WASHINGTON – Baltimore City health officials expects to have an online bioterrorism surveillance plan in place by Monday, a system that they said will put them among the leaders nationally in bioterror defense.
Baltimore’s “online, right now, real-time monitoring” system is the best way to detect a bioterrorist attack, said Bruce Clements, associate director of the Center for the Study of Bioterrorism and Emerging Infection at St. Louis University.
Clements said communities can best respond to biological attacks by operating surveillance systems to keep tabs on suspicious medical trends that may be an infectious disease breakout. Baltimore’s system should allow health officials to report information almost on a case-by-case basis, he said.
The city already has a computer surveillance system that records patient information from ambulances, said Baltimore City Health Commissioner Peter Beilenson. Information is compiled every 24 hours from an average of 300 ambulance calls, and analyzed for large occurrences of respiratory or gastrointestinal problems, the most likely symptoms caused by biological attack.
The same system records information from some hospital emergency rooms. Beilenson said the system should be in place in every Baltimore emergency room this week.
Detection is key in the fight against biological attacks, experts say. The colorless, odorless agents that would likely be used as biological weapons could be dispersed in the air, but would not be recognized immediately. Only after an incubation period of a few days when flu-like symptoms would start to appear, would the deadly agents begin to reveal themselves.

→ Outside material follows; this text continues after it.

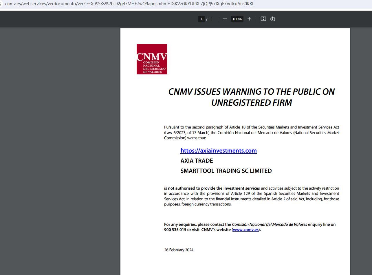 सीएनएमवी प्रतिभूति बाजार और निवेश सेवा अधिनियम (17 मार्च के कानून 6/2023) के अनुच्छेद 18 के दूसरे पैराग्राफ के अनुसार अपंजीकृत फर्म पर जनता को चेतावनी जारी करता है, कॉमिसियन नैशनल डेल मर्काडो डी वैलोरेस (राष्ट्रीय प्रतिभूति बाजार आयोग) ने चेतावनी दी है कि : https://axiainvestments.com एक्सिया ट्रेड Smarttool Trading SC Limited स्पैनिश प्रतिभूति बाजार और निवेश सेवा अधिनियम के अनुच्छेद 129 के प्रावधानों के अनुसार, उक्त अधिनियम के अनुच्छेद 2 में विस्तृत वित्तीय साधनों के संबंध में, गतिविधि प्रतिबंध के अधीन निवेश सेवाएं और गतिविधियां प्रदान करने के लिए अधिकृत नहीं है। वे उद्देश्य, विदेशी मुद्रा लेनदेन। किसी भी पूछताछ के लिए, कृपया 900 535 015 पर कॉमिसियोन नैशनल डेल मर्काडो डी वैलोरेस पूछताछ लाइन से संपर्क करें या सीएनएमवी की वेबसाइट (www.cnmv.es) पर जाएं। 26 फरवरी 2024

If the attack was detected in that incubation period, the biological agents could be treated with commonly prescribed antibiotics. Beilenson said the city has some of these antibiotics stockpiled.
Beilenson said the city is also considering a plan to keep track of sales of over-the-counter anti-flu and anti-diarrhea drugs at pharmacies and other stores where non-prescription drugs are sold. Johns Hopkins University is testing a pilot program of that plan at selected locations, he said.
Baltimore is prepared because it has to be, Beilenson said. He said it is more likely that a terrorist attack would occur in an urban area because of population. If a terrorist attack occurred in Baltimore, more people could be affected than would be in a rural community.
“The key is good surveillance,” said Beilenson. “The key is accurately and timely intelligence. It has to be daily, not weekly.”